The first 25 channels or so were all French. the next 15 or so were German. I didn't have much of a hard time figuring out the German TV, and the French had enough going on for me to figure out what was being said, although not every word was understood. I watched Cartoon Network, and enjoyed seeing the cartoons in French. There was one cartoon where they went back in time, and met George Washington, who spoke perfect French, and if not for the white curly hair, he would have looked like Napoleon. He sure sounded like Napoleon.

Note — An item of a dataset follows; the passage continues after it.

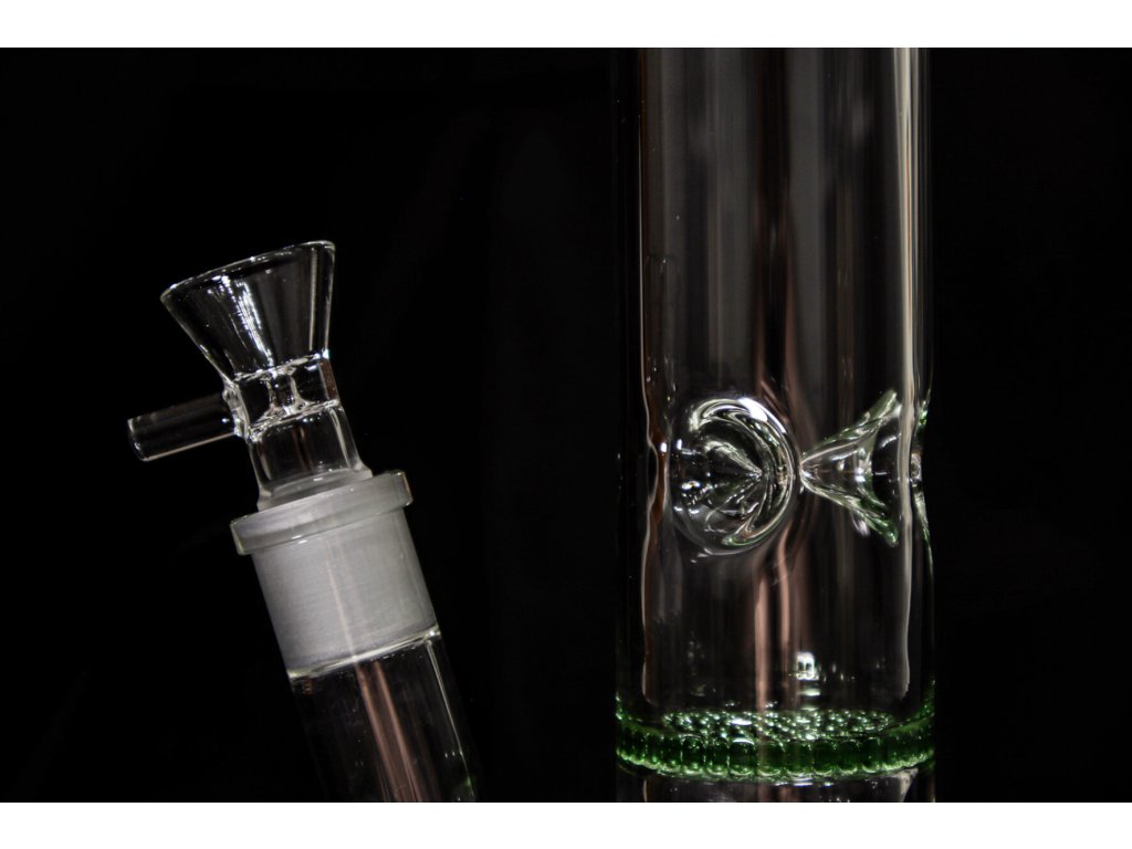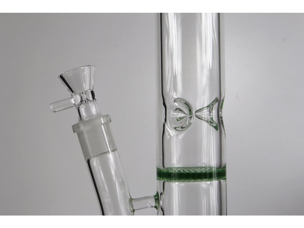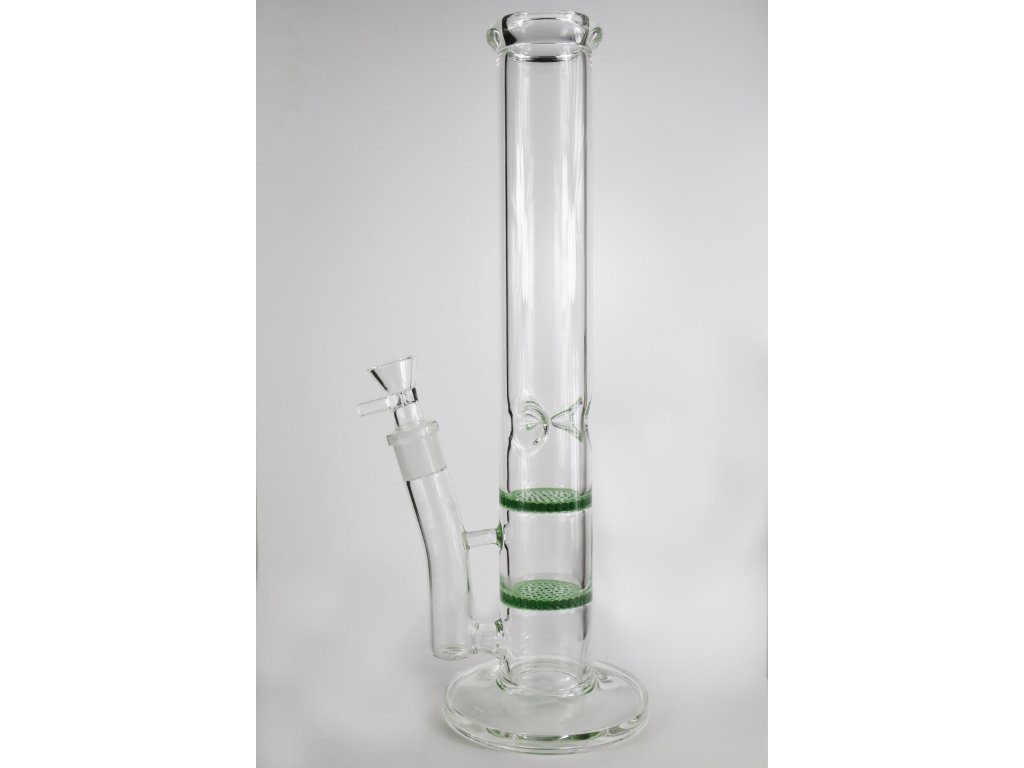 Skleněný bong se dvěma HoneyComb perkolátory v zelené barvě, vysoký 38 cm se zábrusy na led.

I was expecting to meet Michael, but was met by a lovely English woman named Claire, who was Robert's wife. We set out to the car, where I met Heidi, a local Swiss German from Bern, who was to be the relocation consultant who drove.
They had a busy agenda for me, and at the beginning of the day, I was quite gung-ho about living in Villars-Sur-Glane, or Moncor, or Fribourg; a comfortable bike from home to work. However, the International school is in Bern, 25 km away. I might be comfortable, but the kids and wife would be forced to commute.

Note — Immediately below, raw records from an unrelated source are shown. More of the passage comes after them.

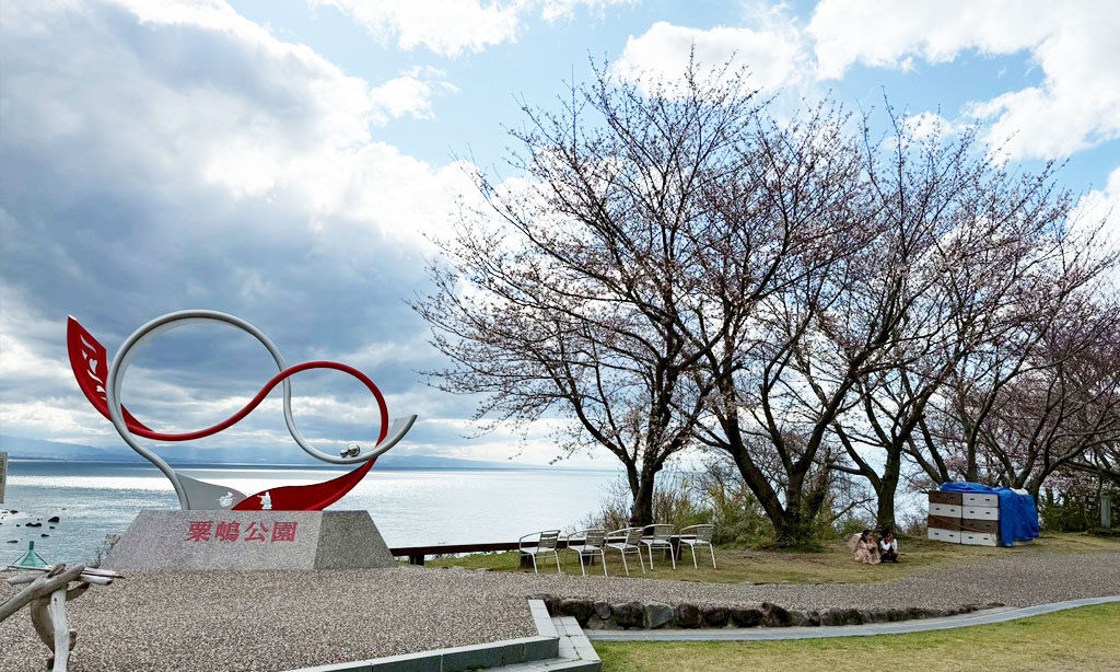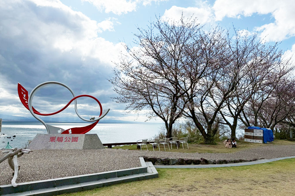 海と桜を一緒に楽しめるロケーションが魅力の花見スポット。園内は神社へと続く参道や高台があり、歩きながらさまざまな角度で桜の景色を楽しめます。海を背景にした桜はここならではで、写真を撮りながらゆっくり過ごすのにもおすすめです。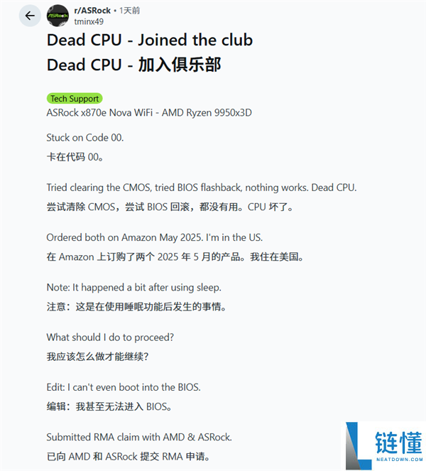 2月3日消息,据Wccftech收集的数据,仅一天内就发生了五起在华擎主板上锐龙9000 CPU故障案例,受害者涵盖从6核到16核的多款热门型号。最新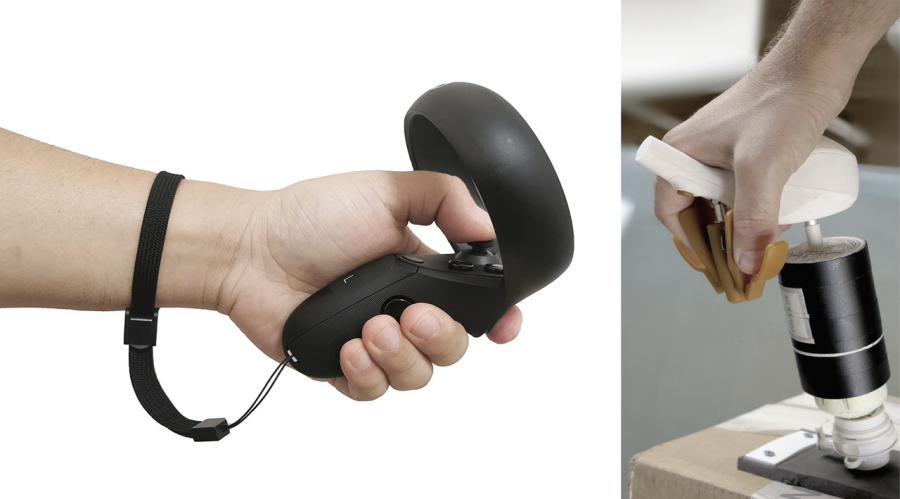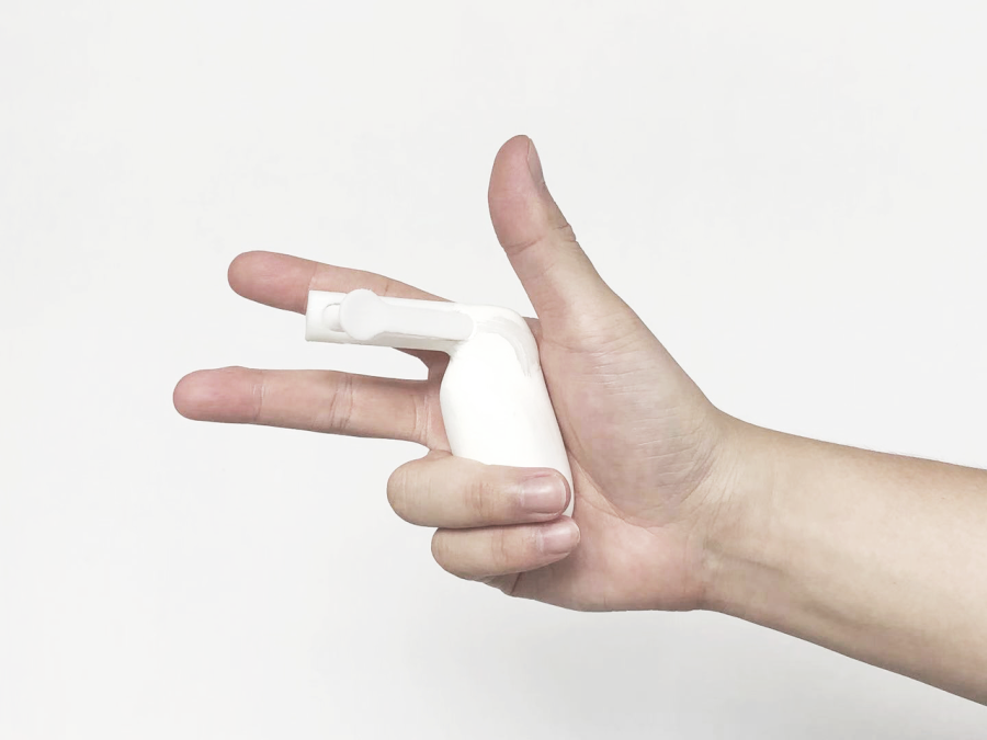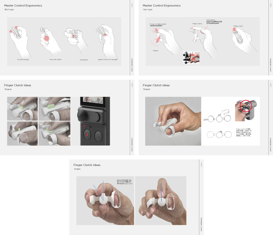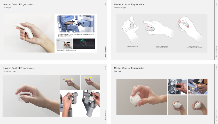 传统的夹持器依靠拇指和中指控制移动,施力面积相对较小,对夹持器的移动控制较为费力。我们设想,如果夹持器具备握把结构,就能让移动控制更加方便,又能使夹持控制由食指和拇指独立完成,减少移动对夹持动作的干扰。对此我们参考了各类其他行业的手持控制器,并制作了大量不同原型进行测试和验证。
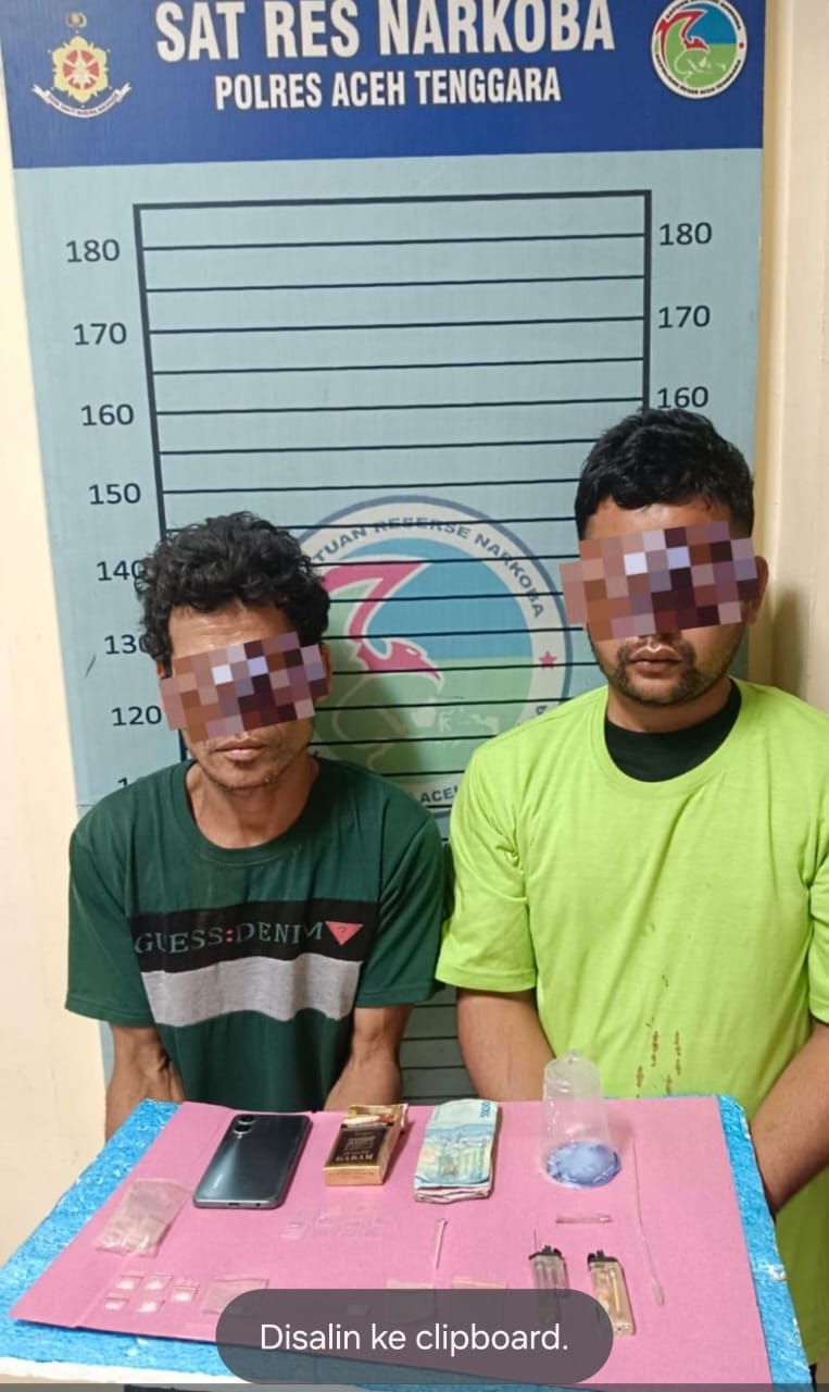 “Kita tangkap dua pria, inisial APS (24), warga Lawe Hijo dan MA (41), warga Desa Pulo Kedondong. Keduanya kita amankan bersama barang bukti sabu dan alat isap,” kata Kasi Humas Polres Aceh Tenggara, AKP J. Silalahi saat dikonfirmasi, Minggu (23/11/2025).

We visited two apartments in the neighborhood around the place of work. One was a very nice apartment that had lots of space, and was located on the third floor. It had no stairs, which would suck on grocery time. It had a nice big basement room to store bikes. It had a laundry room, but also a schedule attached to the laundry room.
This is actually quite normal in Europe. Say for instance, you have 6 families living in an apartment building. Family 1 gets Monday, family 2 gets Tuesday, etc. You don't get to just waltz downstairs and use the laundry room if it's not your day. (Unless you arrange it with your neighbor). The clothes dryers were weird, but seemed to be kinda cool. of a your normal machine, where you insert clothes (and maybe money), turn it on, spins around, dry clothes come out. Instead of that, there is a big room with clothes lines. you hang up your clothes, and turn on the heater, which blows hot dry air onto the clothes. I guess this is more energy efficient.
We went to a second apartment that was on the 1st floor. It had a very small elevator, and much more convenient stairs. The apartment hadn't been occupied for a year. It had a large living room with a wonderful view of the valley, and the Alps in the distance. It would be a perfectly nice apartment.
We travelled to Bern, to see another apartment. This apartment we were visiting is owned by an American couple, who are going back to the states for a few years. The apartment is on the north-western side of Bern, and not very far from the International School of Bern. Not far from the glider-port, either. in fact, I think I may have seen the neighborhood from the air, when I was flying on Saturday.
So why would I change my mind so quickly to move to Bern, which increases my grumpy drive? I figure that one man's quiet misery is much less awful than 1 wife's misery and four children's misery. Sacrifices must be made!